** What is required **
Only the lines from the one containing "Announce your wedding" through the end of the material should be printed, exactly as they appear. Leave out pictures.

** Provided material **
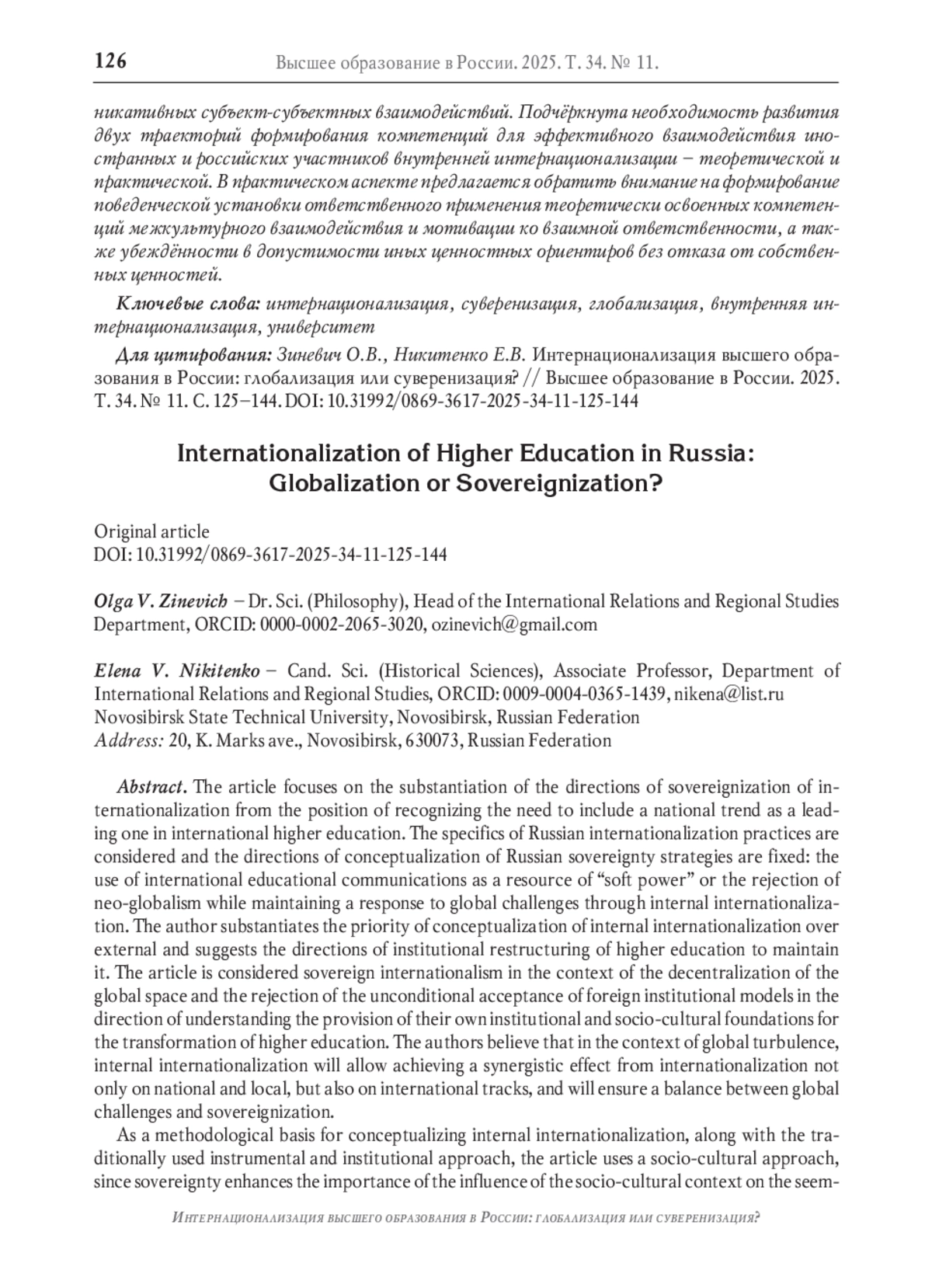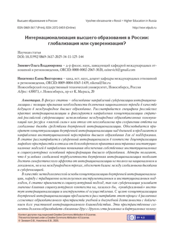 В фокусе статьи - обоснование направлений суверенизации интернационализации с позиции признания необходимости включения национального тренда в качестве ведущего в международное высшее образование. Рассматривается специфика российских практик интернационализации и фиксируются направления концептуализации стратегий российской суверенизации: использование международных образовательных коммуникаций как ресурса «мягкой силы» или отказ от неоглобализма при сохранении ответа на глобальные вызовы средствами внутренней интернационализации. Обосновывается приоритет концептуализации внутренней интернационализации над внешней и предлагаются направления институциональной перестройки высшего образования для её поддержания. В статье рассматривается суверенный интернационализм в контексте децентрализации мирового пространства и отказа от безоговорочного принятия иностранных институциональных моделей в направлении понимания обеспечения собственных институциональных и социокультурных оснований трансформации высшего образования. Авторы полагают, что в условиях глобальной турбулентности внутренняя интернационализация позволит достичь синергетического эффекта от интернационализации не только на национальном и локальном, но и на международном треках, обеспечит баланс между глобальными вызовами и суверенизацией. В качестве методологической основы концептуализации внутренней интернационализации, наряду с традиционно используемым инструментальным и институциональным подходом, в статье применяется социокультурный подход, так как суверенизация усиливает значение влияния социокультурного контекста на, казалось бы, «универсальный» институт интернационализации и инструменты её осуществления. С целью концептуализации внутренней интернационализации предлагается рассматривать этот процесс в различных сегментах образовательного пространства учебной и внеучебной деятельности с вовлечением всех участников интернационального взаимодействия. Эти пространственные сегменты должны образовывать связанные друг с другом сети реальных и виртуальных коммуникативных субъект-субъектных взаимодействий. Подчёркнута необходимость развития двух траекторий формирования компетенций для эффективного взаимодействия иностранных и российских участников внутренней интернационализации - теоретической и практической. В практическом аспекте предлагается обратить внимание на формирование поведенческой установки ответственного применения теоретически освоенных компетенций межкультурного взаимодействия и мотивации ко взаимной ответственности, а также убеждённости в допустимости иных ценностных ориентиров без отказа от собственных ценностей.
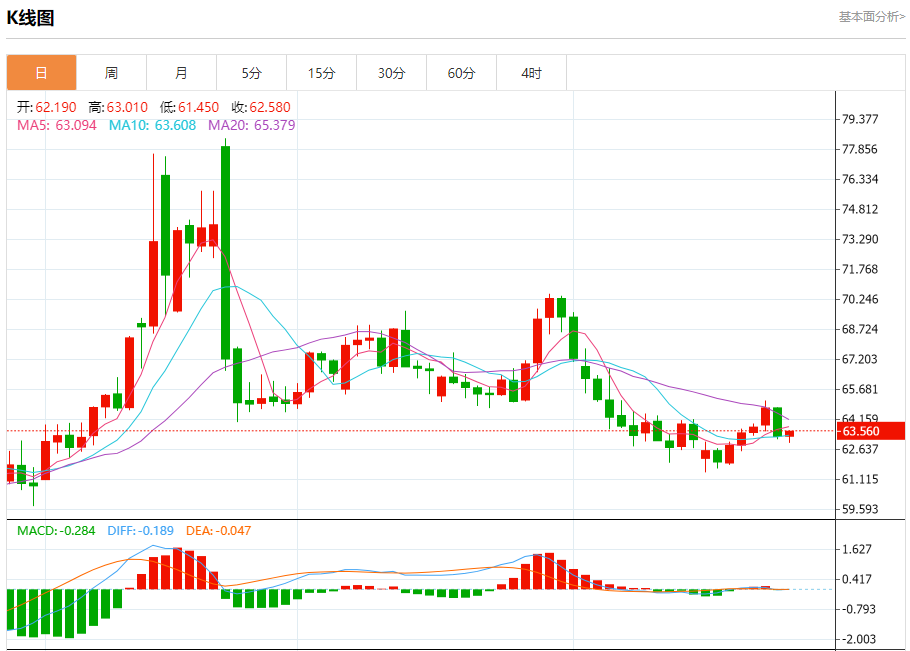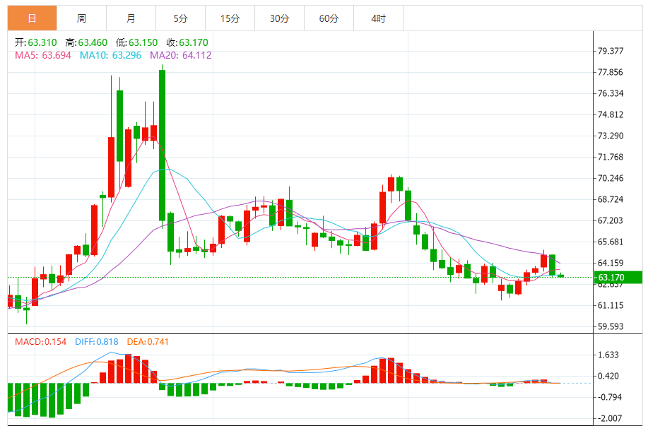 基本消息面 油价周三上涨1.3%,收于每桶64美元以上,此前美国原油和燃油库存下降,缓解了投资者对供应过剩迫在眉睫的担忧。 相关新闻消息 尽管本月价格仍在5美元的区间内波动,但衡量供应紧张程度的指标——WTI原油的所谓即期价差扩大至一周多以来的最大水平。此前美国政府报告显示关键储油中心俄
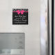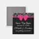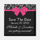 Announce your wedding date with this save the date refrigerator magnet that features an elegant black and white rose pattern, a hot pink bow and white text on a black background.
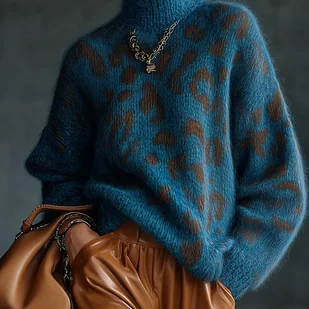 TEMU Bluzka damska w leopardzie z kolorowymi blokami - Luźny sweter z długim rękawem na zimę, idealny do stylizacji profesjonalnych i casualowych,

** Completed task **
 Announce your wedding date with this save the date refrigerator magnet that features an elegant black and white rose pattern, a hot pink bow and white text on a black background.
 TEMU Bluzka damska w leopardzie z kolorowymi blokami - Luźny sweter z długim rękawem na zimę, idealny do stylizacji profesjonalnych i casualowych,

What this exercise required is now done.